Through the series we will demonstrate that women, including young women, can successfully address the negative impact of violent extremism and its root causes, provided that they are recognized and empowered to be leaders and decision-makers in their communities. We also argue that such women-led approaches result in a more comprehensive and holistic approach to PCVE, by focusing on root causes of conflict and violence broadly, rather than singling out ideologically-motivated or extremist violence.
Ahead of the 2020 United Nations High-Level Conference of Heads of Counter Terrorism Agencies of Member States, we call on the Member States and other relevant actors to:
- Carry out rigorous gender-responsive and conflict and crisis analysis when formulating and implementing their PCVE strategies, including through investing in sex-disaggregated data and gender-responsive analysis on the drivers and impact of violent extremism conducive to terrorism, and developing gender-responsive risk assessment tools.

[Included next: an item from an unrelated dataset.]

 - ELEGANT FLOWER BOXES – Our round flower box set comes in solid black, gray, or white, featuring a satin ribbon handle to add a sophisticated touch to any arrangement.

- Ensure full and meaningful participation of grassroots women, young women, and girls at all levels of the design, implementation and monitoring of PCVE strategies, in a way that recognizes their diverse experiences, gives them power to shape decisions and design of the PCVE strategies, includes them in robust and institutionalized mechanisms to monitor the effectiveness of PCVE measures, and does not commodify or instrumentalize their contributions.
- Refrain from securitized approaches to countering violent extremism, and invest in preventative approaches that address root causes of violent extremism, protect human rights, build community resilience, and are led by women, including young women.

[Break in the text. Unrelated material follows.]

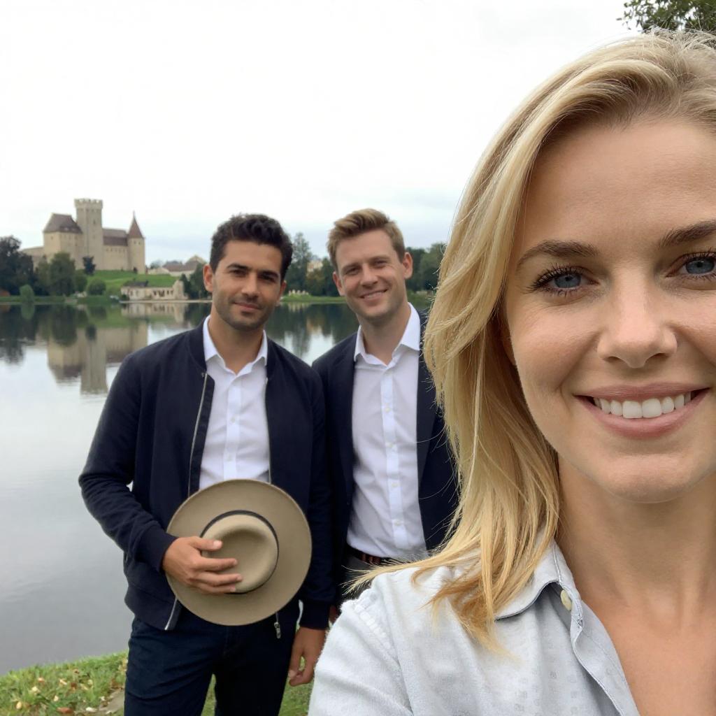 Photograph of three people. Close-up of a smiling blonde woman with blue eyes on the right. Two men in the background, one with dark hair holding a hat, standing by a reflective lake with a castle in the distance. Woman's light-colored patterned shirt, men in dark jackets and white shirts. Bright, soft lighting.

- Review existing counter terrorism, PCVE and “de-radicalization” strategies and measures to ensure that they are gender-responsive and rooted in respect for human rights and gender equality.

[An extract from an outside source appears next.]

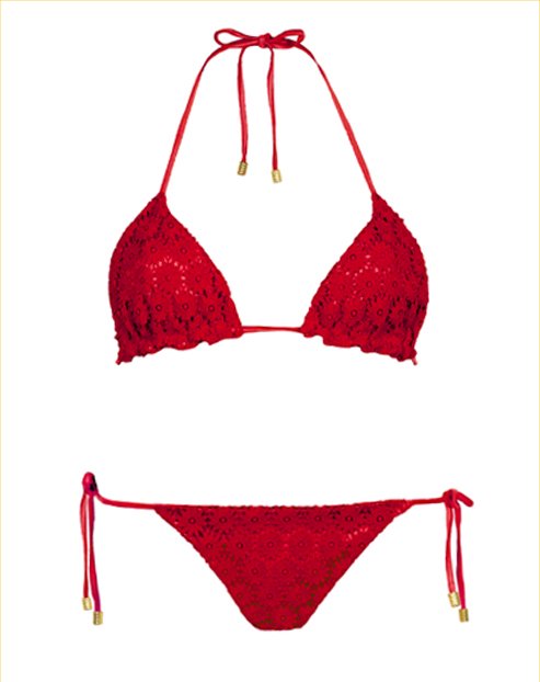 Cette collection se compose de 4 lignes dont le Bikini imprimé pomme et le Bikini Guipure, tous les 2 réversibles, une micro maille laquée rouge au dessous de l’imprimé ou de la broderie pour une plus grande variété de looks.

- Recognize and adequately address the gendered nature of violent extremism and its impacts, including sexual violence, sexual slavery, early, forced, and child marriage, human trafficking, kidnapping and murder, and restricted access to education and sexual health and reproductive services.
- Harmonize National Action Plans (NAPs) on PVE with those on WPS, and meaningfully include women and young people in the development of the NAPs.
Click here for more information on GNWP’s Young Women Leaders for Peace program, and how it contributes to sustainable, locally-led and gender-responsive PCVE.
[i] Women Peace and Security agenda comprises of UN Security Council Resolutions (UNSCR) 1325 (2000), 1820 (2008), 1888 (2008), 1889 (2009), 1960 (2010), 2106 (2013), 2122 (2013), 2242 (2015), and 2467 (2019). UNSCR 2242 made an explicit link between WPS and PVE, and called “for the greater integration by Member States and the United Nations of their agendas on women, peace and security, counter-terrorism and countering-violent extremism which can be conducive to terrorism.”
[ii] Youth Peace and Security agenda comprises of UNSCR 2250 and 2419. Both resolutions underscore the roles young people play in preventing violent extremism. UNSCR 2250 urges Member States to “increase inclusive representation of youth in decision-making at all levels (…) including institutions and mechanisms to counter violent extremism.”